If this motley crew had assembled in a pub in Melbourne, nobody would have paid the slightest attention. What gave the event historical significance was that it was held by invitation, at the Iranian Foreign Ministry: on government premises, in a country that disposes of the world’s second-largest oil reserves (after Saudi Arabia). And in this setting, the remarks quoted above provoked not dismissive laughter, but applause and attentive nods. On the walls hung photographs of corpses with the inscription “Myth”, and others of laughing concentration camp survivors with the inscription “Truth”.
The Teheran deniers’ conference marks a turning point not only because of its state sponsorship, but also because of its purpose. Up until now, Holocaust deniers have wanted to revise the past. Today, they want to shape the future: to prepare the way for the next Holocaust.
In his opening speech to the conference, the Iranian Foreign Minister Manouchehr Mottaki left no doubt on this point: If “the official version of the Holocaust is called into question,” Mottaki said, then “the nature and identity of Israel” must also be called into question. The purpose of denying, among all the Nazis’ war measures, specifically the persecution of the Jews is to undermine a central motive for the establishment of the State of Israel. Auschwitz is delegitimised in order to legitimise the elimination of Israel – that is, a second genocide. If it should turn out, however, that the Holocaust did happen after all, Ahmadinejad explains that it would have been a result of European policies, and any homeland for the Jews would belong not in Palestine but in Europe. Either way, the result is the same: Israel must vanish.
This focus explains why the conference’s sponsors attached so much importance to the participation of a delegation from the Jewish sect Neturei Karta. Although it does not deny the Holocaust, the sect welcomes the destruction of Israel. That objective was the common denominator uniting all the participants in the conference. In his closing speech, Ahmadinejad formulated it with perfect clarity: “The life-curve of the Zionist regime has begun its descent, and it is now on a downward slope towards its fall… The Zionist regime will be wiped out, and humanity will be liberated.”

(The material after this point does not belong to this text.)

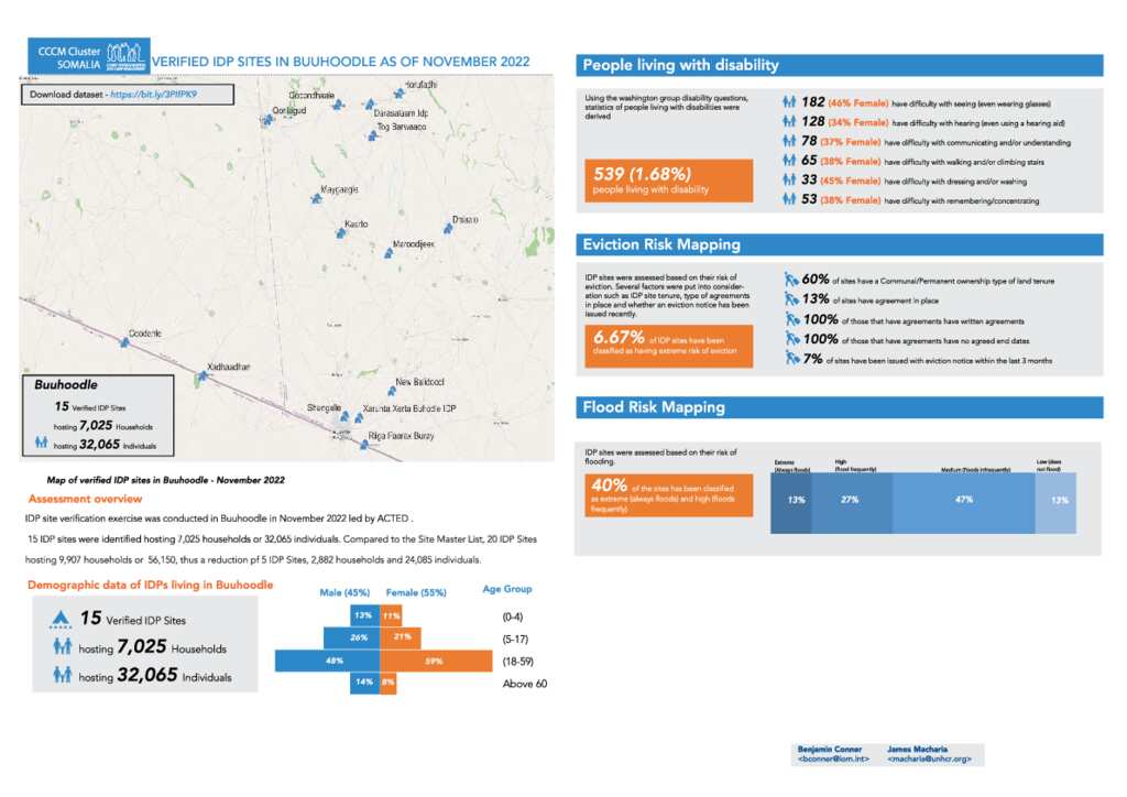 IDP site verification exercise was conducted in Buuhoodle in November 2022 led by ACTED . 15 IDP sites were identified hosting 7,025 households or 32,065 individuals. Compared to the Site Master List, 20 IDP Sites hosting 9,907 households or 56,150, thus a reduction pf 5 IDP Sites, 2,882 households and 24,085 individuals.

Holocaust denial and the nuclear program
Just as Hitler sought to “liberate” humanity by murdering the Jews, so Ahmadinejad believes he can “liberate” humanity by eradicating Israel. The deniers’ conference as an instrument for propagating this project is intimately linked to the nuclear program as an instrument for realising it. Five years ago, in December 2001, former Iranian President Hashemi Rafsanjani first boasted that “the use of even one nuclear bomb inside Israel will destroy everything,” whereas the damage to the Islamic world of a potential retaliatory nuclear attack could be limited: “It is not irrational to contemplate such an eventuality.” While the Islamic world could sacrifice hundreds of thousands of “martyrs” in an Israeli retaliatory strike without disappearing – so goes Rafsanjani’s argument – Israel would be history after the first bomb.
It is precisely this suicidal outlook that distinguishes the Iranian nuclear weapons program from those of all other countries and makes it uniquely dangerous. As long ago as 1980, Khomeini put it this way: “We do not worship Iran, we worship Allah. For patriotism is another name for paganism. I say let this land [Iran] burn. I say let this land go up in smoke, provided Islam emerges triumphant in the rest of the world.”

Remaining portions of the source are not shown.